Batas akhir pemasukan penawaran bersifat mutlak. Begitu tenggat lewat tanpa jaminan penawaran yang sah, tidak ada mekanisme susulan untuk melengkapinya.
Lebih dari Sekadar Syarat — Sinyal Kredibilitas ke Owner
Di luar aspek wajib-tidaknya, Jaminan Penawaran juga berfungsi sebagai bukti keseriusan finansial kontraktor di mata pemilik proyek. Nilainya yang setara 1-3% dari HPS menunjukkan komitmen nyata, bukan sekadar niat mengikuti tender untuk melihat peluang. Data pengaduan klaim ke Otoritas Jasa Keuangan pernah mencatat bahwa lini usaha suretyship — yang menaungi proyek-proyek infrastruktur — menyumbang porsi terbesar pengaduan klaim asuransi secara nasional, mencerminkan betapa luasnya penggunaan instrumen ini dalam siklus proyek konstruksi di Indonesia.
Bagi kontraktor di Bekasi yang ingin terus mengikuti tender proyek industri maupun pemerintah, menyiapkan hubungan dengan penerbit surety bond yang terpercaya sejak dini — bukan menunggu sampai H-3 tenggat penawaran — adalah bagian dari strategi bisnis, bukan sekadar reaksi administratif.
Urutan Jaminan yang Perlu Dipahami Sejak Awal
| Fase Proyek | Jaminan yang Dibutuhkan | Nilai Umum |
|---|---|---|
| Mengikuti tender | Jaminan Penawaran (Bid Bond) | 1-3% nilai HPS |
| Terima uang muka | Jaminan Uang Muka | Sesuai % uang muka diterima |
| Tanda tangan kontrak | Jaminan Pelaksanaan | 5% nilai kontrak |
| Pasca serah terima | Jaminan Pemeliharaan | 5% nilai kontrak |
Pertanyaan yang Sering Ditanyakan
Apakah semua tender konstruksi wajib melampirkan Jaminan Penawaran?
Jaminan Penawaran diwajibkan untuk pengadaan pekerjaan konstruksi dengan nilai total HPS di atas Rp10 miliar. Untuk nilai di bawah itu, kewajiban jaminan penawaran mengikuti ketentuan spesifik dalam dokumen pemilihan masing-masing instansi atau owner.

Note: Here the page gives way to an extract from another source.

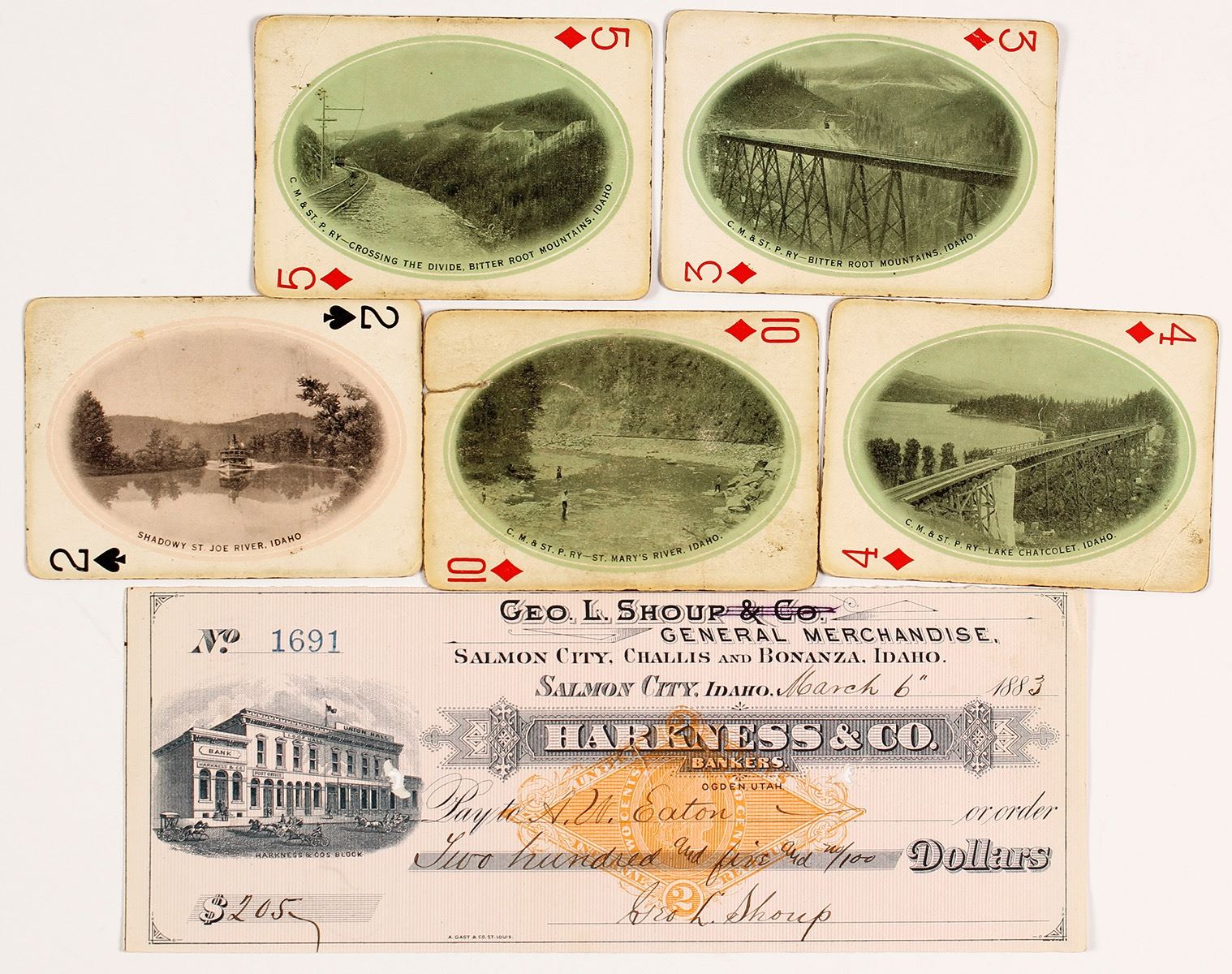 Lot of 6. 1) Rare 1883 Harkness & Co. Bankers revenue check, Salmon City, Idaho, March 6, 1883. Vignette of bank at left. Geo. L. Shoup & Co., General Merchandise, Salmon City, Challis and Bonanza, Idaho. RN-G. 2) Five railroad playing cards with Idaho scenes (Bitter Root Mountains, St. Mary's River, Lake Chatcolet, St. Joe River). Four are C.M. & St. P. Railway. One is Electric Railway. (Prag Collection) Date: Location: Salmon City, Idaho HWAC# 55622

Apa yang terjadi jika penawaran tidak dilampiri Jaminan Penawaran yang dipersyaratkan?
Penawaran akan digugurkan pada tahap evaluasi administrasi, terlepas dari seberapa kompetitif harga atau seberapa baik proposal teknis yang diajukan. Seluruh biaya penyusunan dokumen tender menjadi sia-sia.
Berapa nilai Jaminan Penawaran yang harus disiapkan kontraktor?

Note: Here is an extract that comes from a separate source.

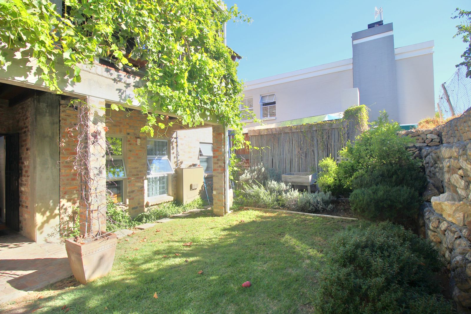 The layout works exceptionally well, with clear separation between bedrooms, living spaces, and the flexible top floor. With all three bedrooms positioned downstairs, the sleeping spaces stay private and family life stays practical. The main bedroom is en suite, with a second bathroom serving the remaining two bedrooms. This level opens directly to an enclosed back garden that is quaint, pet friendly, and genuinely functional, the kind of outdoor space that buyers quickly realise is difficult to secure in Stellenbosch once they start comparing options in this price bracket.

Umumnya berkisar 1-3% dari nilai total HPS proyek, sesuai ketentuan dalam dokumen pemilihan/RKS. Untuk proyek terintegrasi, persentase yang sama dihitung dari nilai pagu anggaran.
Apakah surety bond bisa digunakan sebagai pengganti bank garansi untuk tender?
Bisa. Ketentuan pengadaan barang/jasa pemerintah memperbolehkan jaminan penawaran berupa bank garansi atau surety bond dari perusahaan asuransi/penjaminan yang sah, selama diterima oleh panitia pemilihan sesuai format yang disyaratkan.